Enflasyonda da panik yaşıyoruz. Üretici ve satıcı fiyatları kur artışından daha fazla artırıyor. Bunu nedeni istikrarsız, kırılgan spekülatif ve oligopol piyasa yapısıdır. Piyasa, fırsatçılığa açıktır. Toptancı depodan çıkışı, en yüksek kurdan yapıyor. Perakendeci de vitrindeki eski ithal malları da yeni kurdan hesaplıyor. Aksi halde yerine yenisini koyamayacağını biliyor. Dahası aynı perakendeci vitrindeki yerli malların fiyatını da artırıyor.
Devlette çete şaibesinin oluşması ve tartışılan siyasilerin çetelere desteği iktisadi ajanların moralini bozdu. Herkes panik içinde geleceğinden endişe ediyor. Elindeki fırsatı kullanıyor. Pahalı satıyor. Yargıya müdahale, otokrasiye gidiş de işin tuzu biberi oldu.
Özetle Türkiye son beş yıldır, Cumhuriyet döneminde hiç tanışmadığı, ekonomide panik dönemini yaşıyor. Bu paniği önlemek için, ekonominin hukuki ve demokratik altyapıya kavuşması, özellikle siyasi güven oluşması gerekir.
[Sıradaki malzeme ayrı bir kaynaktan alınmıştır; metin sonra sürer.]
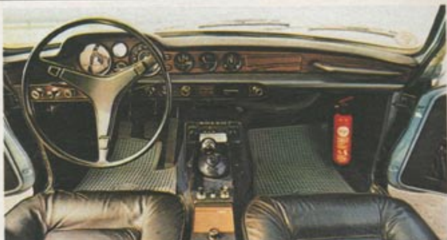
Leder, Holz und Rundinstrumente: Der Volvo 1800 ES hat ein sportliches Cockpit

Ungewöhnlich wird das Heck vor allem durch die riesige, schräggestellte Scheibe, die von einem serienmäßigen Wischer gereinigt wird und die bis tief
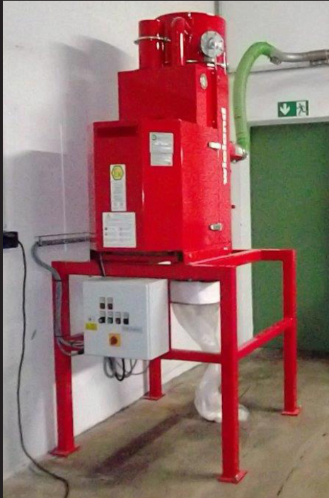
TowerVac 76 MultiPac in einer Milchpulveranlage

Die MultiPac-Geräte sind in verschiedenen Ausführungen lieferbar - fahrbar oder stationär.
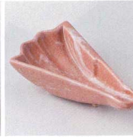
89-302-2 1,200円 赤染扇珍味 (6.5×11×2.5) 508920502
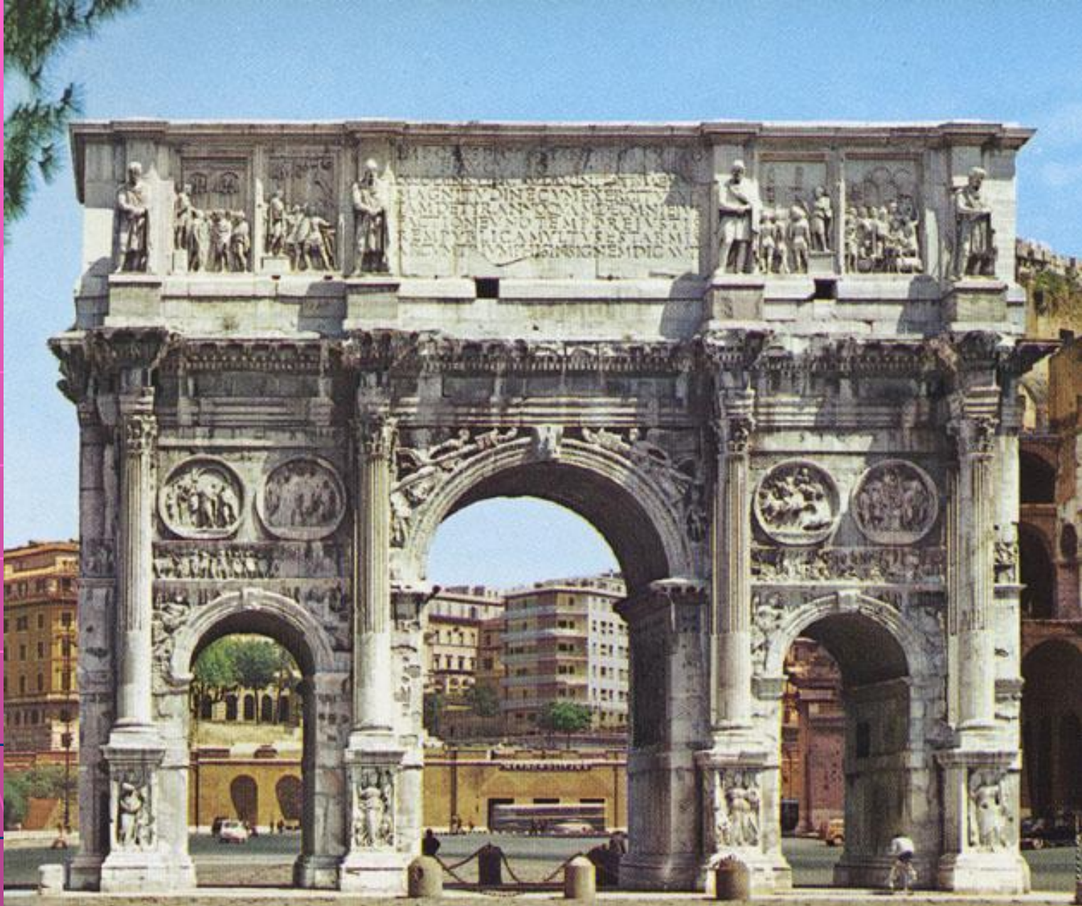
триумфальная арка Константина

Arjantin, İkinci Dünya Savaşı’ndan önce dünyanın en zengin 7 ülkesi idi. Sonrasında darbeler oldu. Demokrasi ve hukuk rafa kaldırıldı. Peronizm çıkar hedefli oldu. Carlos Menem döneminde yolsuzluk arttı. Bu gün IMF’den 57 milyar dolar kredi desteği aldığı halde ekonomisi düzelmedi. Çünkü siyasi altyapıda iyileşme olmadı.
Türkiye’de siyasi güven oluşmazsa bu panik bitmez. Tek çözüm demokratik ve hukuki altyapıyı yeniden kuracak ve siyasi güven sağlayacak yeni bir siyasi iktidardır.